Alternatively, the hydrolysis of BSG can be carried out through alkali, acid, hydrothermal, or enzymatic pre-treatments (Rojas-Chamorro et al. 2020; Paz et al. 2019). Ethanologenic microorganisms have been used to produce ethanol from these hydrolyzed BSG, including Saccharomyces cerevisiae and Zigosaccharomyces rouxii (Liguori et al. 2015). In particular, the high gravity brewing yeast S. cerevisiae BLGII 1762 and S. cerevisiae PE-2 isolated from the Brazilian bioethanol industry produce ethanol with yields of between 23 and 81% (Pinheiro et al. 2019). In addition, hemicellulosic hydrolysates of BSG have been used to produce microbial biomass and xylitol using Debaryomyces hansenii CCMI 941 (Carvalheiro et al. 2007) and Candida guilliermondii FTI 20037 (Mussatto and Roberto 2005). Banjo et al. (2018) used BSG to produce ascorbic acid by submerged fermentation culture of Aspergillus flavus and Aspergillus tamari, whereby they obtained 6.25 and 7.25 g L−1 ascorbic acid, respectively.

Brewers’ spent grain has also been used for isolation and maintenance of actinobacteria, such as Streptomyces coelicolor A3 (Szponar et al. 2003) and S. malaysiensis AMT-3, and their production of cellulases (Nascimento et al. 2009). Bacillus sp. KR-8104 has been grown on BSG to produce α-amylase (Hashemi et al. 2011).

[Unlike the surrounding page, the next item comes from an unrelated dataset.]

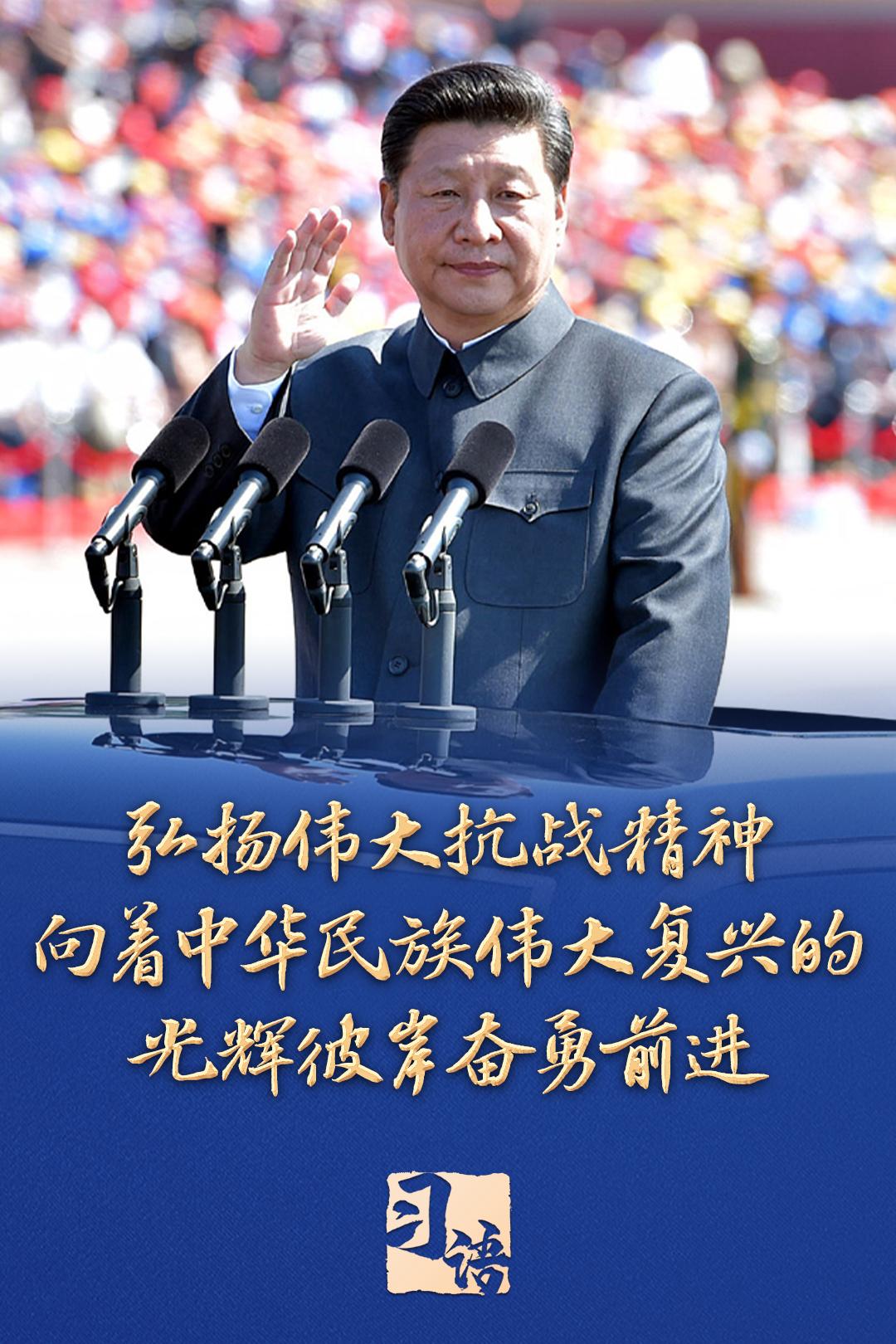 “新的歷史條件下,全黨全國各族人民要大力弘揚偉大抗戰(zhàn)精神,不斷增強團結(jié)一心的精神紐帶、自強不息的精神動力,繼續(xù)朝著中華民族偉大復興的中國夢奮勇前進,不斷以堅持和發(fā)展中國特色社會主義的新成就告慰我們的前輩和英烈!”

Regarding its exploitation in the pharmaceutical sector, BSG has been used as a culture medium for Cordyceps militaris (Gregori 2014) to produce cordycepin, a nucleoside analog with anti-tumor, anti-proliferative, anti-metastatic, insecticidal, and antibacterial activities (Gregori 2014). In addition, polysaccharides from C. militaris have shown significant antitumor activities against cervical and liver cancer cells in vitro (Yan et al. 2014), and extracts of its fruiting bodies show antioxidant, antibacterial, antifungal, and anti-tumor activities against human cell lines (Yan et al. 2014; Reis et al. 2013; Rao et al. 2010), and also anti-inflammatory (Rao et al. 2010), anti-fibrotic (Nan et al. 2001), anti-obesity (An et al. 2018), and anti-angiogenetic (Yoo et al. 2004) and insulin-secreting (Choi et al. 2004) activities. Thus, the use of BSG for cordycepin production by C. militaris has been shown to be a very effective technique for the production of high-value food and feed additives (Gregori 2014).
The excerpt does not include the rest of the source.